Retype word for word the first line of the listing and each line after it up to the line with "点击【steam库文件夹】,就可以添加一", with the pictures taken out.
[DATASET EXCERPT Boundary: Start]
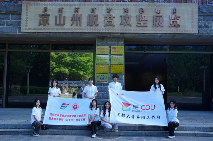 圖為實(shí)踐團(tuán)成員于涼山州脫貧攻堅(jiān)展覽館合影。
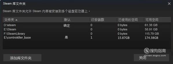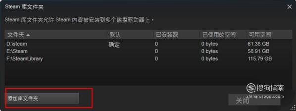 点击【steam库文件夹】,就可以添加一个steam库文件夹。这时点击左下角的【添加库文件夹】选项。
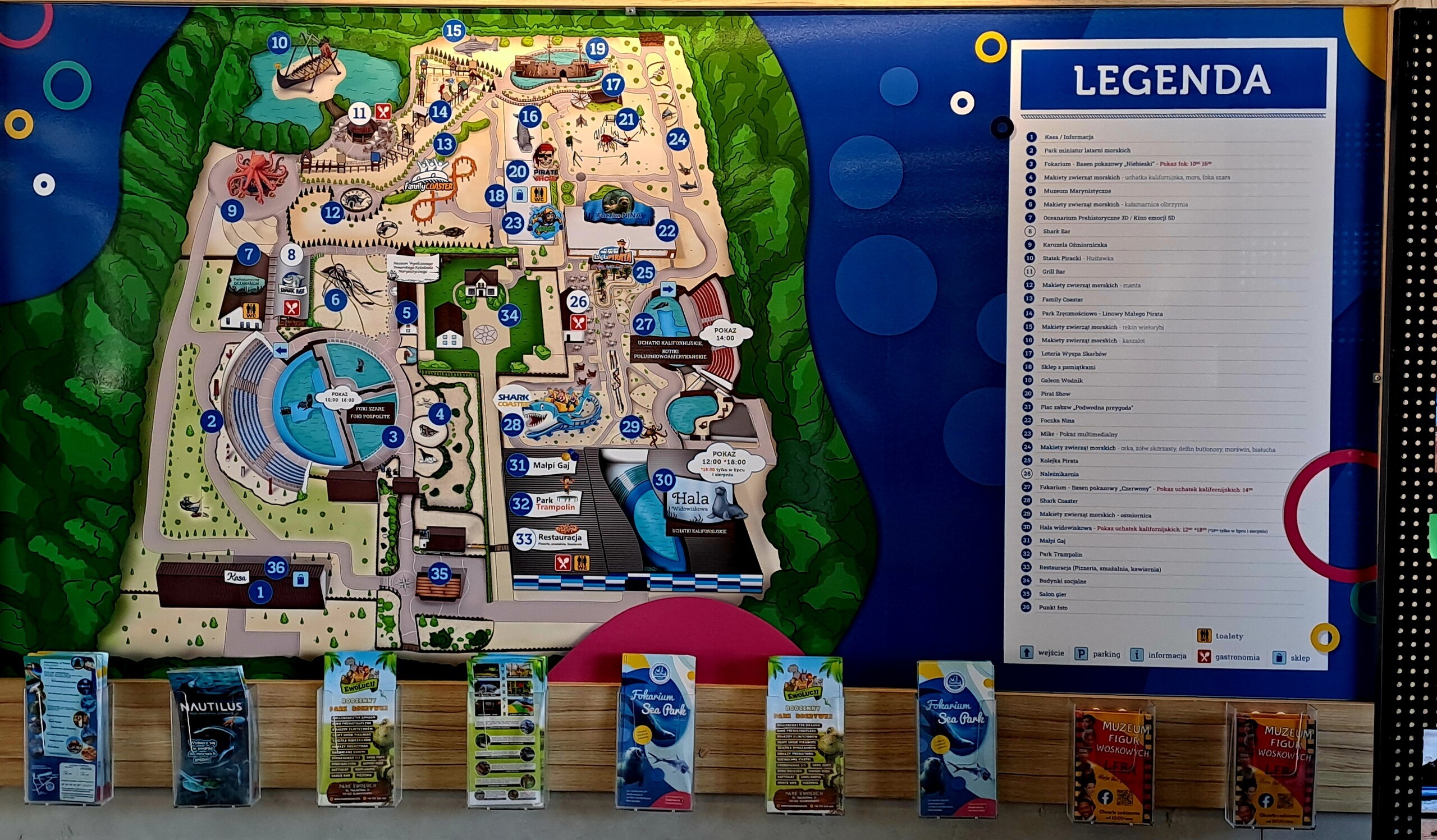 Na odwiedzających czeka prawdziwe bogactwo atrakcji związanych z tematyką mórz i oceanów oraz historią i kulturą polskiego Pomorza: prehistoryczne oceanarium 3D, muzeum marynistyczne, kino emocji 5D, park makiet zwierząt morskich, galeon "Wodnik", park miniatur latarni morskich, a także – i dla tych najmłodszych, i dla tych nieco starszych Gości – rozbudowana strefa zabaw i rozrywki (park zręcznościowo-linowy, kolejki, karuzele, trampoliny...).
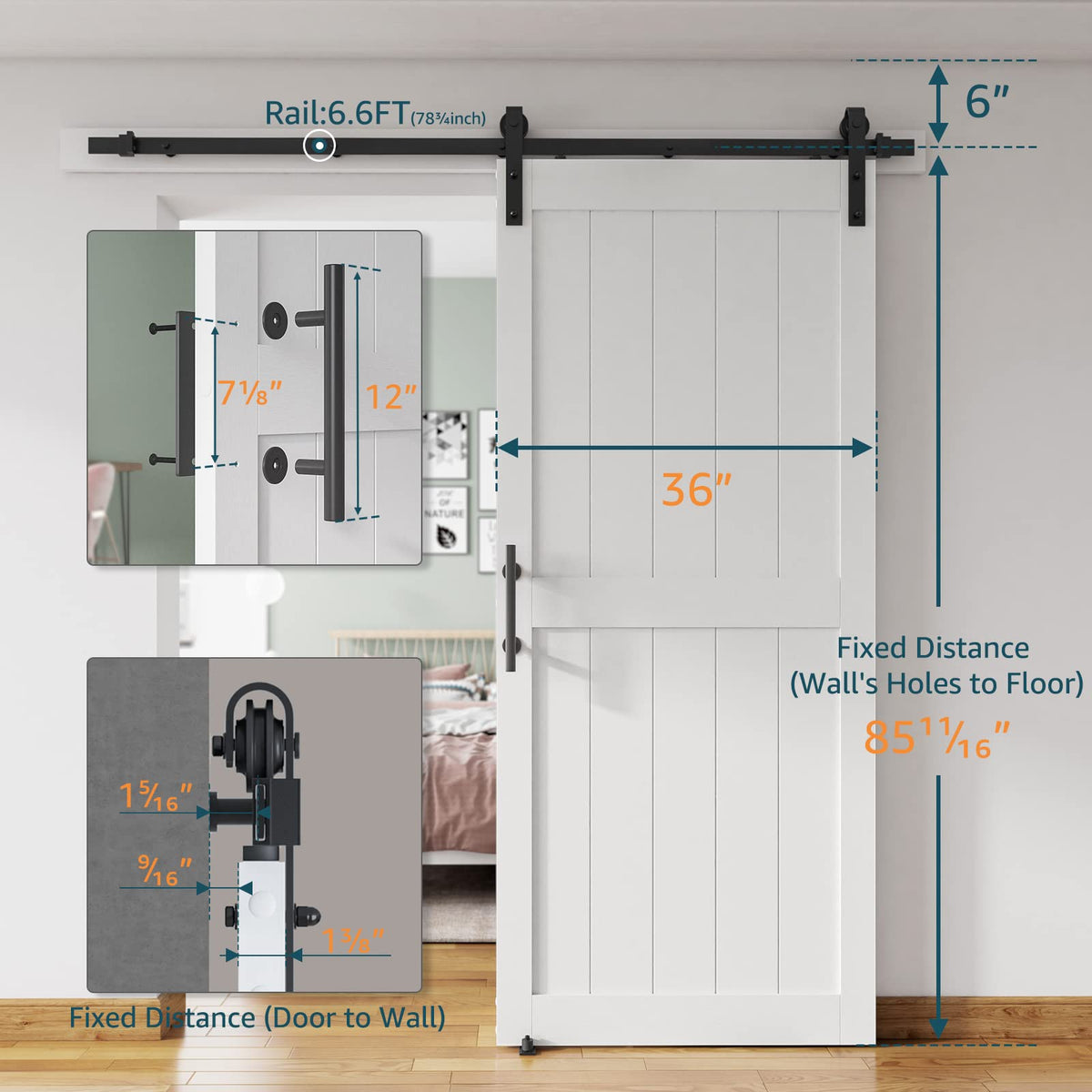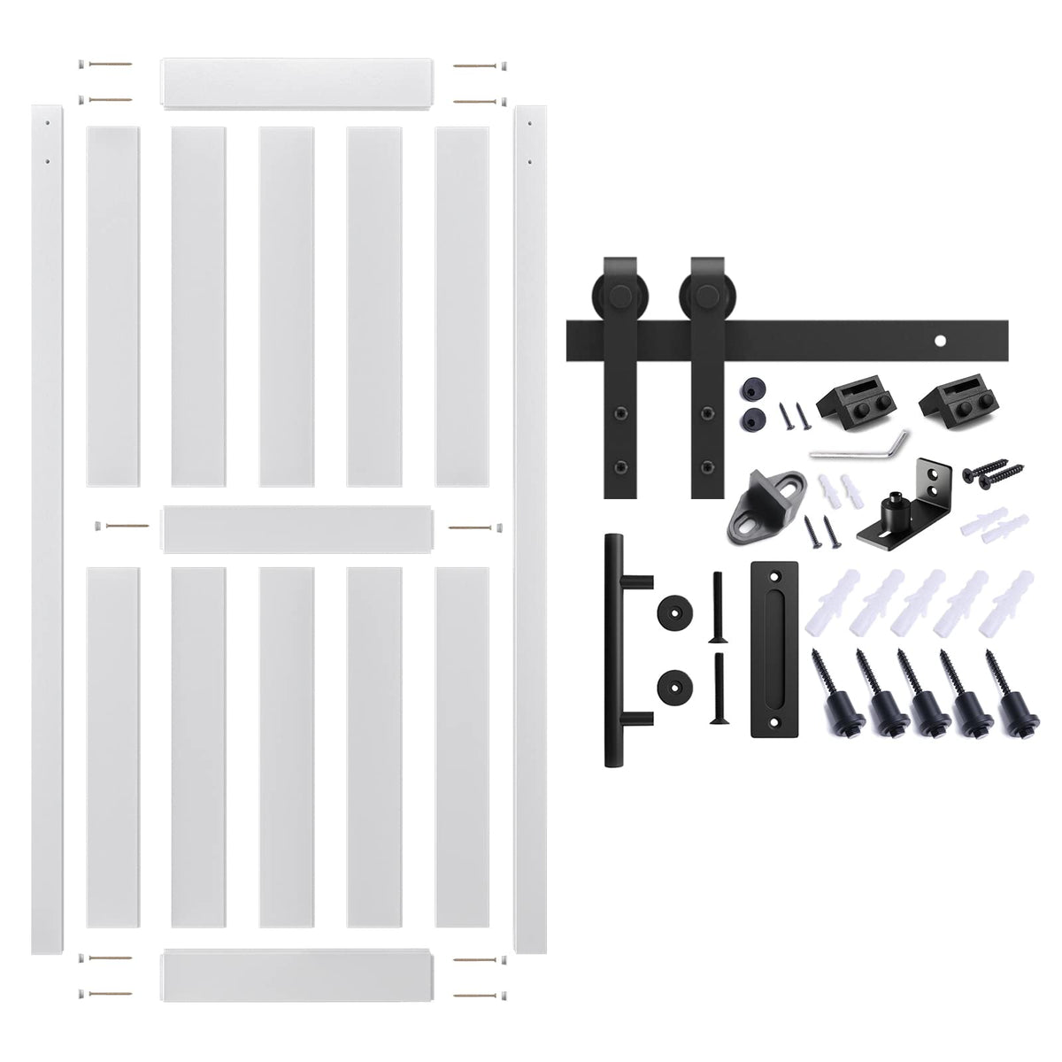 MDF Material: With CARB P2 certification, the main component is pine wood and a small amount of other wood and adhesives are added to extrude the wood slab. High-quality furniture decoration materials, harder than a natural wood door.(DOOR IS UNASSEMBLED) | Easy Installation for DIY Novice: Pre-drilled Door and hardware, with step by step installation manual, professional customer service, any question would be replied within 24 hours. Easy and Meaningful Installation processes with your family. Nice product gift for your home decor! | PVC-Surface: The high-quality white PVC material is tightly bonded to the MDF wood board through high temperature and high pressure, and the layers are laminated to create a tightly bonded, waterproof, and scratch-resistant surface. | Package Includes: 1x Barn Door, Width: 36'' Height: 84'' Thickness: 1 3/8'', H-shape; 1 X 6.6 FT Barn door hardware kit, 1x Barn Door Handle, length: 12''; 1x Barn Door Floor Guide, as the picture shows. | Multiple Application: a sliding door for your house, match with dining room, living room, bathroom, kitchen, storage! Save home space, harmless and easy cleaning.
[DATASET EXCERPT Boundary: End]
• OUTPUT:
 圖為實(shí)踐團(tuán)成員于涼山州脫貧攻堅(jiān)展覽館合影。
 点击【steam库文件夹】,就可以添加一个steam库文件夹。这时点击左下角的【添加库文件夹】选项。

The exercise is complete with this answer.